Je vois aussi parfois des jeunes venus faire la fête. A peine arrivés, ils jettent leurs bagages dans un coin et repartent. Tard dans la nuit, ils reviennent, se laissent tomber tout habillés sur le lit, et s’endorment immédiatement. Le lendemain, encore gris, ils restent longuement dans leur lit, à se raconter en riant leur soirée de fête. J’aurais bien aimé qu’ils m’emmènent une fois. Ils semblent si libres, si heureux. Mais comme les autres, ils ne font pas de cas de moi. Je ne peux pas leur en vouloir : je travaille, je ne suis pas leur ami. Je me souviens d’un groupe de hockeyeurs suisses. Ils sont arrivés un jeudi soir. Je n’ai jamais eu vent de leurs petites histoires, de leurs soirées, car je ne les ai revus que le dimanche matin, lorsqu’ils sont venus reprendre leur sac qu’ils n’avaient même pas défait. Ils n’avaient vraiment pas l’air en forme pour des sportifs. Ca m’a fait rire.

Franck et Denise sont mes préférés. Je les trouve tellement attendrissants. Tous les mois d’août, ils reviennent. Ils réservent d’année en année, toujours la même chambre.

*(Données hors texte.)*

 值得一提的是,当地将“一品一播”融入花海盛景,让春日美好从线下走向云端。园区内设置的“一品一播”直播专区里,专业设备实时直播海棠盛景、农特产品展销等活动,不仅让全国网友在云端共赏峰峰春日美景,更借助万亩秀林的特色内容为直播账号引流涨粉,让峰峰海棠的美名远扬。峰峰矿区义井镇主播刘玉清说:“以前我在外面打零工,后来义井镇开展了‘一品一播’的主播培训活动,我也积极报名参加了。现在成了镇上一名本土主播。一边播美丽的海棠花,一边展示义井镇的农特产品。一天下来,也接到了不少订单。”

Denise a travaillé ici, elle aussi, dans sa jeunesse. On avait commencé à peu près en même temps. Et lorsque Paris a été libérée, elle est tombée sous le charme de Franck, qui était chauffeur de camion dans l’armée américaine. Après la guerre il a ouvert un garage dans le sud du Colorado, et il y a emmené Denise. Ils sont revenus avec leurs enfants, puis avec leurs petits enfants. Certains de ces petits enfants sont ensuite venus seuls, puis avec leurs propres enfants. J’ai un peu l’impression d’être de la famille. Je les attends chaque année avec impatience, pour avoir des nouvelles. Mais ce que j’entends le plus souvent, ce sont des souvenirs. Et je suis fier d’en faire partie.

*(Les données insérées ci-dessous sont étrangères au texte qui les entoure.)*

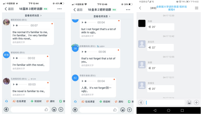 此外,大家在线上教学的过程中不断反思,不断创新总结线上教学的最优模式。老师们经过讨论普遍认为员工课下练习口语的主动性较低,而且课上练习听力容易一刀切,英语基础不同的同学都要按照老师设定的同样的步骤和时间进行练习。基于此,老师们认为线上听说课应该是课上说为主,课下听为主,课下重输入,课上重输出。教师们运用任务驱动教学法,课下员工利用超星学习平台完成听力任务;课上利用钉订直播,老师集中讲解课下听力任务中的重点和难点,要求员工以口语形式输出要求的内容。这样,平时传统课堂上比较内向不善于表达的同学也能在线上积极参与口语练习,极大的增加了员工们的自信心和成就感。

Ce qu’ils n’ont jamais su, c’est que peu de temps avant que Franck n’arrive en ville et ne rencontre Denise, Wolfgang venait aussi dans cette chambre lorsqu’il était en permission. Au début, il écrivait beaucoup. Des lettres pour sa femme. Et un jour j’ai compris qu’elle était morte dans un bombardement à Berlin. Wolfgang était si triste, qu’il est resté dans la chambre pendant 6 jours d’affilée, tout seul, sans boire ni manger. Quand quelqu’un essayait de le faire sortir ou de lui apporter un repas, il se faisait violemment rabrouer. Et puis un jour, mon patron a retrouvé Wolfgang, couché sur le lit, les lettres de sa femme éparpillées partout autour de lui. Il s’était tué avec son arme.

Franck est arrivé à peine une semaine plus tard, et un amour est né sur ce lit où un autre était mort.

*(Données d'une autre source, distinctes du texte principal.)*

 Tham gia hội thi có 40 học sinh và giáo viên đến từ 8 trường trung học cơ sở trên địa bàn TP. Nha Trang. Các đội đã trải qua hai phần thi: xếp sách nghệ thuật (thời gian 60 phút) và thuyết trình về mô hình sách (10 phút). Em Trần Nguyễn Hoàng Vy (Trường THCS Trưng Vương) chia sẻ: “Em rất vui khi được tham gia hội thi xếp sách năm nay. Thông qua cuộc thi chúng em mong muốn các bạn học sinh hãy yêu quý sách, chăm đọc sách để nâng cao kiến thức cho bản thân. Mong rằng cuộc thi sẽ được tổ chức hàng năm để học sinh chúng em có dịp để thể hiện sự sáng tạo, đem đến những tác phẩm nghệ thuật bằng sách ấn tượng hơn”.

Mais ça personne ne l’a jamais su, à part moi. Je connais tellement de secrets. J’ai l’impression d’avoir fait le tour du monde sans jamais avoir quitté cette ville. Le monde, la vie, sont venus à moi, par petites touches, et j’ai pu découvrir toute la palette des émotions possibles. J’aime vraiment ce travail.

Malheureusement, dans quelques jours, ce sera fini. Le bâtiment a été racheté par une grande chaîne à ce qui se dit. Il va probablement être rasé et reconstruit. A mon âge, ma carrière est terminée. Je n’y connais rien à leurs systèmes modernes, et ils ne voudront plus de moi. 

Désolé, il faut que je vous laisse. On me demande. C’est pour un couple. Ils sont jeunes, et italiens semble-t-il. Ils ont l’air timide et empruntés de ceux qui découvrent la vie à deux. Ca doit être la première fois qu’ils voyagent.

S’ils savaient que moi c’est la dernière…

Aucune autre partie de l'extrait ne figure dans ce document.